PROVIDED RECORDS
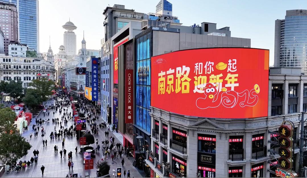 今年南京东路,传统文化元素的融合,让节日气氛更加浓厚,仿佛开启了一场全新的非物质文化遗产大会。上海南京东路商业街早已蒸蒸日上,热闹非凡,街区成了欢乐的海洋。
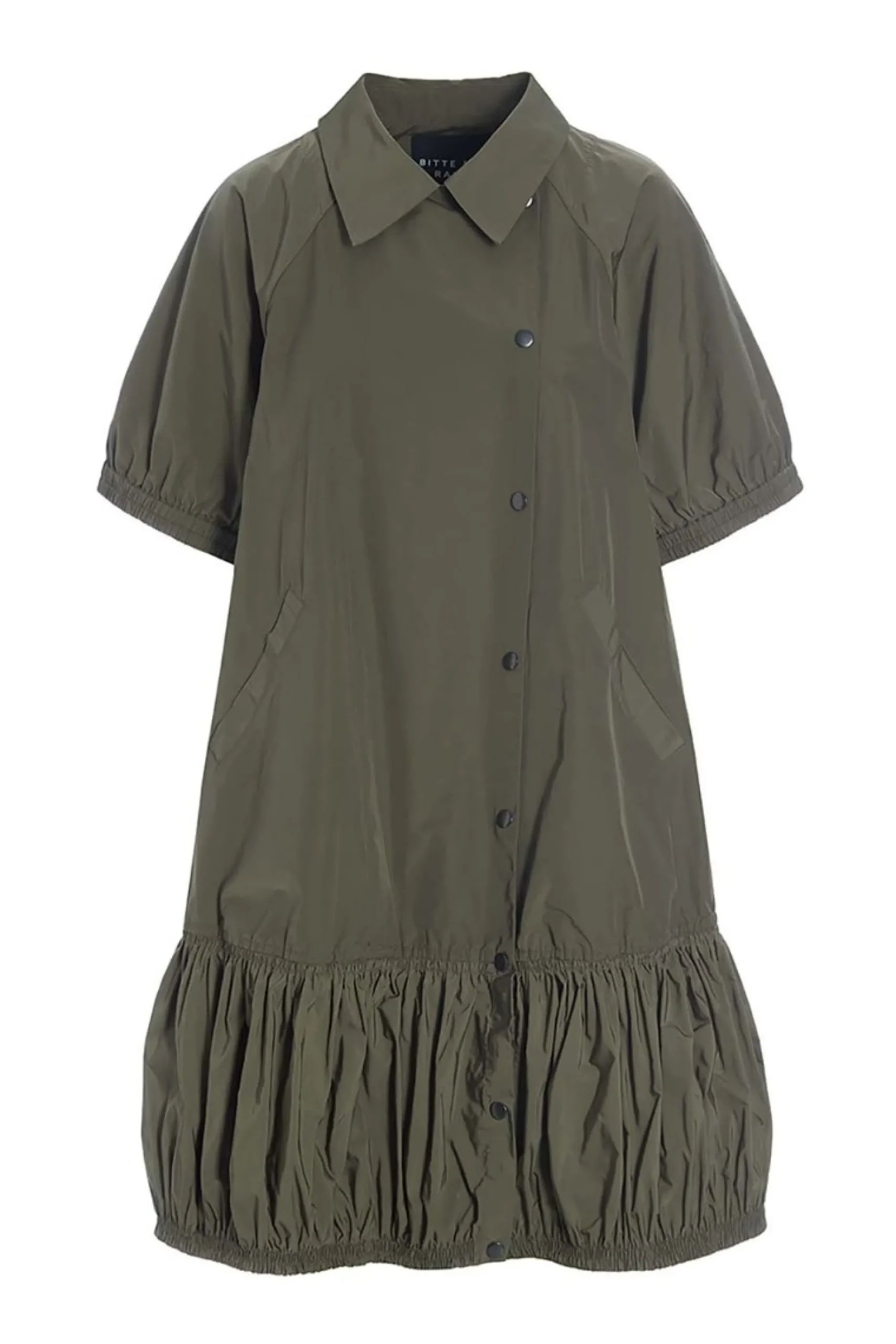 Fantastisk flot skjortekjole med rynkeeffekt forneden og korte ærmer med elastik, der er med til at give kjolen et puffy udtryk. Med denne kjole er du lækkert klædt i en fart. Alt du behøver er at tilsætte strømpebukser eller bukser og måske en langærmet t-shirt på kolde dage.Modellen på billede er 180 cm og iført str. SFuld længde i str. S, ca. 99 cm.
---
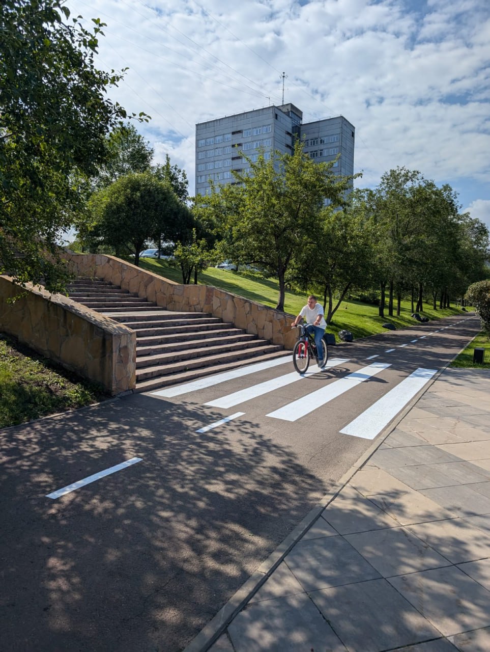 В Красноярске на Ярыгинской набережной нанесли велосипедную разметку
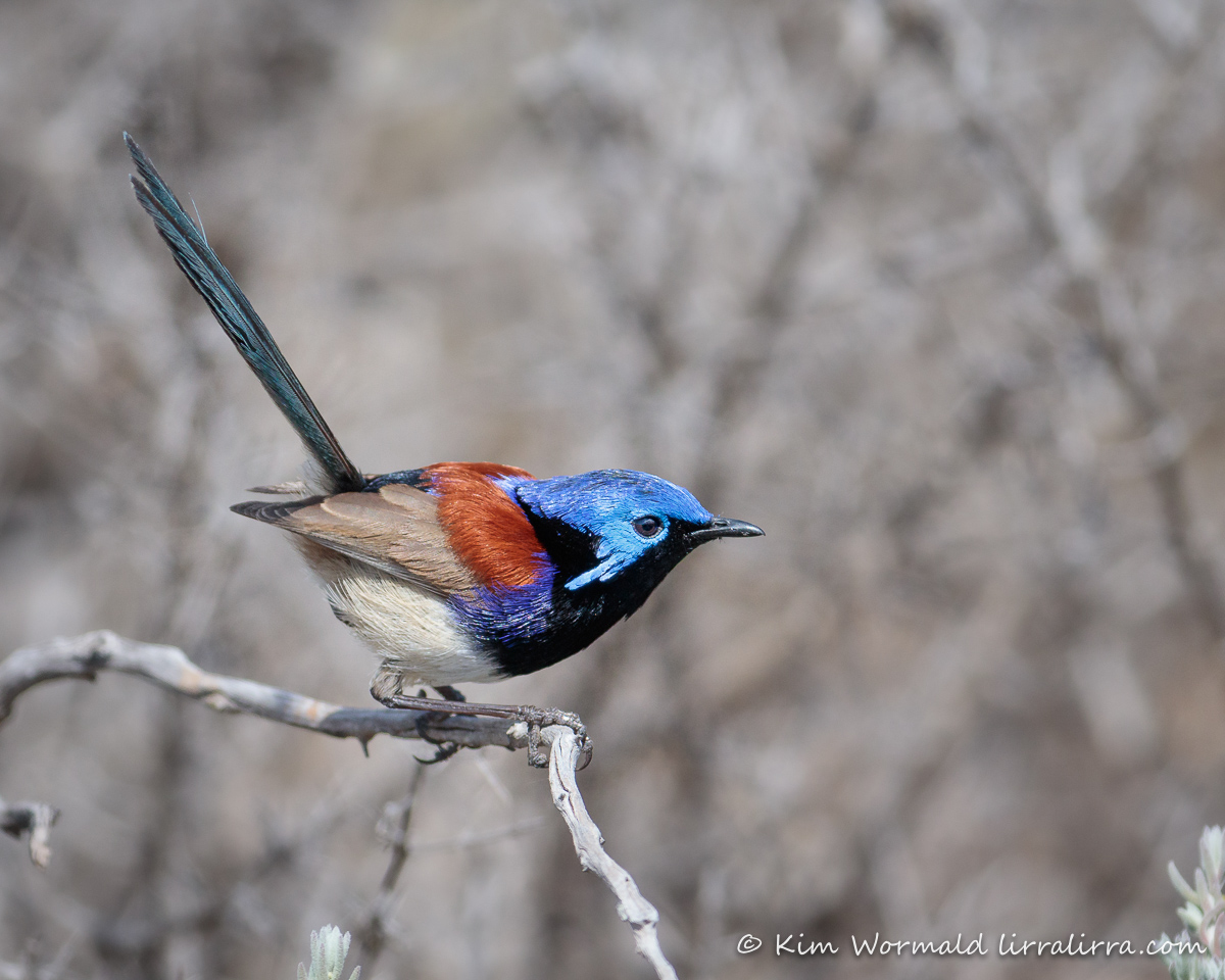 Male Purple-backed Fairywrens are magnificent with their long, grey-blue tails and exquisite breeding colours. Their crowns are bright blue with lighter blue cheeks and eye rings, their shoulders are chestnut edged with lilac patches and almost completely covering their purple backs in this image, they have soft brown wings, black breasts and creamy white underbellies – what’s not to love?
...
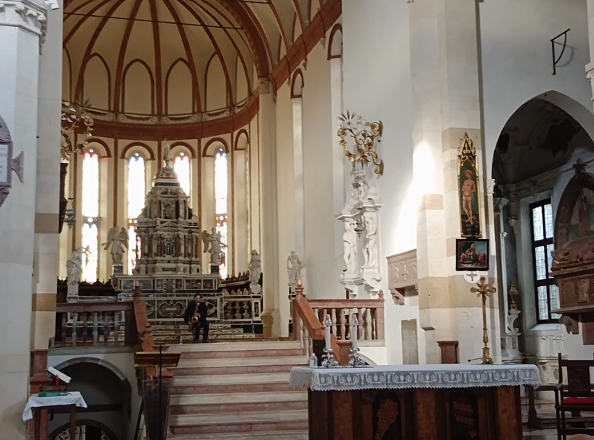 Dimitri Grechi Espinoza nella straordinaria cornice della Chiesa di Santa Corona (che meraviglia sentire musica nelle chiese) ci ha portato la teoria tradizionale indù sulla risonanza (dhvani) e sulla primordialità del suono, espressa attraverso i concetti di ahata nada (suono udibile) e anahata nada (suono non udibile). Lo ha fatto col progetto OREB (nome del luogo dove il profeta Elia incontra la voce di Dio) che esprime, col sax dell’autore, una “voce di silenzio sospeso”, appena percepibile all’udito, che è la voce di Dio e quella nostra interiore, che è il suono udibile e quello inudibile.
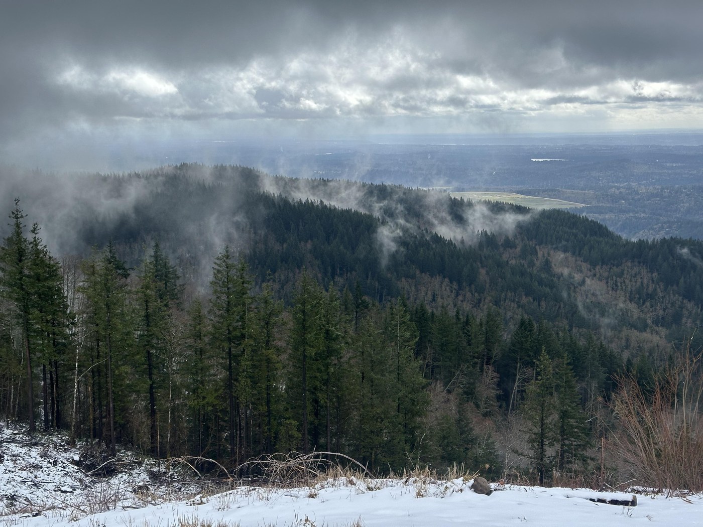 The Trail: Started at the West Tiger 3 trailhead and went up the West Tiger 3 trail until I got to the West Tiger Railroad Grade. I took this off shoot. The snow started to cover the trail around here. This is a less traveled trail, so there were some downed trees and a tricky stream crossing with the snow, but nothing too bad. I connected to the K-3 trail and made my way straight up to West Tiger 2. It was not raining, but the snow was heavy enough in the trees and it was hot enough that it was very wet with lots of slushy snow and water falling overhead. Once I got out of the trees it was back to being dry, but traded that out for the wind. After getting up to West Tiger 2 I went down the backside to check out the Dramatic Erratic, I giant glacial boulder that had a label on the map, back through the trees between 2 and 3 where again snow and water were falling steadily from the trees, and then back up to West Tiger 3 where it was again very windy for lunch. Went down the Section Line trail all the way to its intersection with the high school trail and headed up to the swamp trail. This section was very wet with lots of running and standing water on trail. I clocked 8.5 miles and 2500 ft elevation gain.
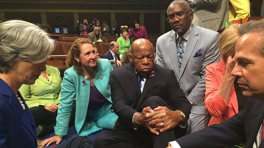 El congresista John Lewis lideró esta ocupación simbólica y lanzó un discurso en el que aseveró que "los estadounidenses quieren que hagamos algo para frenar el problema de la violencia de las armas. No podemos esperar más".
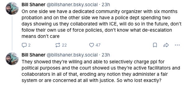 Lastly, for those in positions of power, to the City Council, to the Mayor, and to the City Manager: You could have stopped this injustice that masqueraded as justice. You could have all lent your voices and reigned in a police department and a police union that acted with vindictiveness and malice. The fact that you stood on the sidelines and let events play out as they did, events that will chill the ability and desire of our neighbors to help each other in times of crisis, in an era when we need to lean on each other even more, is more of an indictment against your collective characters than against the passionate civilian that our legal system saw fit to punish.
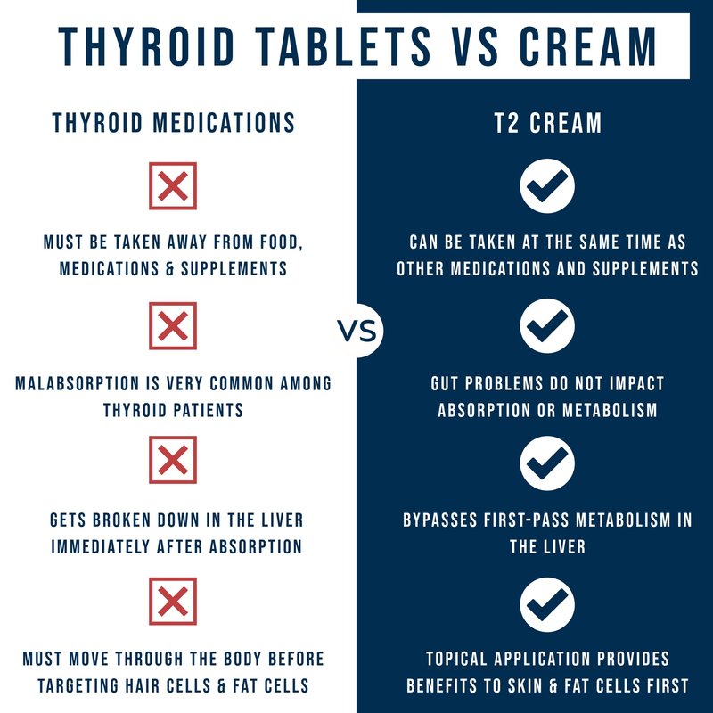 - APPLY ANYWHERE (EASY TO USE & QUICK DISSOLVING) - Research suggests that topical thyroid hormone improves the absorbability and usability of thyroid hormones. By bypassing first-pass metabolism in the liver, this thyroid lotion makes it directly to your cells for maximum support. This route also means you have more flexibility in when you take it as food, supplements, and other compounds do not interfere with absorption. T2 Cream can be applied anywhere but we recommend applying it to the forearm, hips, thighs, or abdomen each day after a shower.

TASK BRIEF
Extract the part of the records that opens with the line containing "今年南京东路,传统文化元素的" and closes with the line containing "Fantastisk flot skjortekjole". Take only those lines, exactly, and no pictures.

ANSWER FOR THE TASK
 今年南京东路,传统文化元素的融合,让节日气氛更加浓厚,仿佛开启了一场全新的非物质文化遗产大会。上海南京东路商业街早已蒸蒸日上,热闹非凡,街区成了欢乐的海洋。
 Fantastisk flot skjortekjole med rynkeeffekt forneden og korte ærmer med elastik, der er med til at give kjolen et puffy udtryk. Med denne kjole er du lækkert klædt i en fart. Alt du behøver er at tilsætte strømpebukser eller bukser og måske en langærmet t-shirt på kolde dage.Modellen på billede er 180 cm og iført str. SFuld længde i str. S, ca. 99 cm.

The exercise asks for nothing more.